January 13, 1979 St. Mungos 12:56 PM @intosunflowers
There was nothing beautiful about the sight that would be held in the hospital that day, nothing silent or a moment of peace, the winter leaking through the cracks in the windows, blood on the panes, curtains drawn to ignore the snow on the streets, the posters on the wall. There was nothing of peace the way he fought against the restraints that bound him to the gurney, the broken leg he fought against, the spells he believed held no matter to his health, though he only gave ragged breaths, though he couldn't struggle for long in any sense of the rational mind, though his didn't belong to such categories, so he fought, so he believed he could stand on bones set only in shards, that he could return to fire to prove who he was meant to be, to be who they needed him to be. Perhaps they were right to restrain him, though blood now formed at the ends of his fingertips, a sweat on his brow, though he couldn’t register it, couldn’t register the pain, his mind on a one track course, knuckles that shined a bright shade of white as he held them in a fist. He did shout at the healers, that he didn’t belong here, of all he could do, and despite the scare he brought, enough that they made sure to keep him still, enough that they had to shift healers as he hit the other in the head, he still appeared no more than a boy here. He appeared to young, as if they transformed a boy into a soldier, worth held in the way of his actions, held beneath them for the loyalty of a family, and not the beliefs they held, murder on his hands, believing they belonged there.
The door taken off its hinges, the reminder that guards could enter his room without the pause of a doorway, and it was through that that the gurney was shrouded with a shadow, and what they would see was thus: the fight against the restraints, a mind plagued by all he didn’t do, what he should have done, what would have protected his pack by being useful, by being the monster he believed to be as a child and fought against such beliefs and worked to shed away the ideals that he could contradict fate. He did create a show of sorts here, his frustration for his hesitation in the riots manifesting itself in his own rationalization of actions against St. Mungos, that he would be able to leave there in a moment’s notice, one leg and all. And this show of power was displayed again here for the woman who stood before him, though given some sort of pause at the sight of her, seeing her age as something they would share, and for a fraction of a second, it could be seen, the question of why one so young would be among them and sent to heal him. ( A question he heard before about his own person being among the werewolf pack. )

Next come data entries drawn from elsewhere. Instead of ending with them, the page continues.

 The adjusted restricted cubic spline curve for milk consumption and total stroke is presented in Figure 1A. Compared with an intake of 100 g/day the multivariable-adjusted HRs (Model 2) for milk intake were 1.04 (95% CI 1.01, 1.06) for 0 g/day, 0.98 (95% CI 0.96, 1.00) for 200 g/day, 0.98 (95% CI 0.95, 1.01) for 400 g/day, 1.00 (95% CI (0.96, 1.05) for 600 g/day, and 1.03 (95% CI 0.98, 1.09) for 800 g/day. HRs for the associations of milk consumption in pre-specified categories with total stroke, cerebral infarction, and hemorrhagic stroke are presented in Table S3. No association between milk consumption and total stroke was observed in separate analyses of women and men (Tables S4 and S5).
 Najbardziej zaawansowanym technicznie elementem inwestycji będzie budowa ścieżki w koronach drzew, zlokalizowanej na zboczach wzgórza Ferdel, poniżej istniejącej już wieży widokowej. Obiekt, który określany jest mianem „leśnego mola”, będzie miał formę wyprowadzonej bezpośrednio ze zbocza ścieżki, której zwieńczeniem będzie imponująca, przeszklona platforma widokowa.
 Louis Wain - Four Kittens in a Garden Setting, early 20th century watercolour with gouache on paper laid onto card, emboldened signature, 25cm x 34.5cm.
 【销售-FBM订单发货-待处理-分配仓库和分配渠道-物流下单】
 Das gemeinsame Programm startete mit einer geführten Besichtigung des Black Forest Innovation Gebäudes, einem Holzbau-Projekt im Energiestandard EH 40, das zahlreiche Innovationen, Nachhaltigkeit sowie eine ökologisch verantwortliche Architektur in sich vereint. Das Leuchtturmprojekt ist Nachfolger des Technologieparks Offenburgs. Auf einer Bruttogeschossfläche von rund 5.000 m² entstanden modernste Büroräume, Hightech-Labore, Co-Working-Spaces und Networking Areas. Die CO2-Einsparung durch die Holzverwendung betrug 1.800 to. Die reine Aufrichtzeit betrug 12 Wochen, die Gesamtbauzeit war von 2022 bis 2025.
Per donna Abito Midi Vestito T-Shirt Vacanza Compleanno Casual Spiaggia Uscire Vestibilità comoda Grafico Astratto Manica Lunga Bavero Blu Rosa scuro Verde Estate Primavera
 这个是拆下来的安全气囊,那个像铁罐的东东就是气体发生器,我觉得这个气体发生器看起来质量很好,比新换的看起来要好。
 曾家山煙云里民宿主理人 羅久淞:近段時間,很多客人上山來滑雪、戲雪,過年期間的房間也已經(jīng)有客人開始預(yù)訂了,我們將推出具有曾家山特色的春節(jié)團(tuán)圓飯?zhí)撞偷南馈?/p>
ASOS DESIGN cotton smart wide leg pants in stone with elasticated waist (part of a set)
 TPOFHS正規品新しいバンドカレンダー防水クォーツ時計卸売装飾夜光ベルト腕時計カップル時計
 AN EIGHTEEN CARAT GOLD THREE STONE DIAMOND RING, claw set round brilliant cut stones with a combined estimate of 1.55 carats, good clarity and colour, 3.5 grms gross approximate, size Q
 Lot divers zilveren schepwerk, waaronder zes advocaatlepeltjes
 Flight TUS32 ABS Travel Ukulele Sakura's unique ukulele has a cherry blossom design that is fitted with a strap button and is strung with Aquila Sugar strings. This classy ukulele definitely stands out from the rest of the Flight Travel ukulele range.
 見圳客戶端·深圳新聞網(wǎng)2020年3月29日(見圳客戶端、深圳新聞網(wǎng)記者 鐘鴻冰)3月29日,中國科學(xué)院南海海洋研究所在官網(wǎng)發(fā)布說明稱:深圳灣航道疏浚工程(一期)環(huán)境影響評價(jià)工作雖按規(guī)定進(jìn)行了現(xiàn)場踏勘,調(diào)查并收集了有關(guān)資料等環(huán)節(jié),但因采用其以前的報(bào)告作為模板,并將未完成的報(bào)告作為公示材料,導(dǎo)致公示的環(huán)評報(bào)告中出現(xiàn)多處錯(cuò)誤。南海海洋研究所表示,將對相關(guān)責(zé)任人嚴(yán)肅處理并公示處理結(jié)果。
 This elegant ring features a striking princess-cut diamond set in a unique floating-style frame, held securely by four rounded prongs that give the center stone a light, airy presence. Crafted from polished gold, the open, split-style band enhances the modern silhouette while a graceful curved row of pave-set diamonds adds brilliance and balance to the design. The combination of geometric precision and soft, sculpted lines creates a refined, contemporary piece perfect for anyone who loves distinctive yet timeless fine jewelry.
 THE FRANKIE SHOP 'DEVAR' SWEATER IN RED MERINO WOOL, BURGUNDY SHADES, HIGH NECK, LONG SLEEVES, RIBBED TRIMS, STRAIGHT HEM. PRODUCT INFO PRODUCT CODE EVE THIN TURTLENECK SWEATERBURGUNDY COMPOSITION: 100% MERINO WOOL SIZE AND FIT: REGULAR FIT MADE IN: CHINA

“You’re the wrong healer,” was all he would say to her, in the same tone that matched that of his struggling, the same desperate voice, accompanied by the pain that arrived back into his mind from his pause that he now regretted. He said this rudely, though also perhaps, something of a warning, that he didn’t want her there, but also that she wouldn’t be subject to his act, too young, as young as he was. ( There was also the fact that he didn’t recognize her, and St. Mungos would tend to send Bennett the same healers, those who would know how to understand lycanthropy, those that studied the creatures, though, they would tend to treat him more as a discovery than anything else, a curiosity, and there was a mix of thankfulness that another was present, and the wishing for it all to wash away from reality. It was such a difficult thing to pin down emotions, though it was easier to deal with the known. )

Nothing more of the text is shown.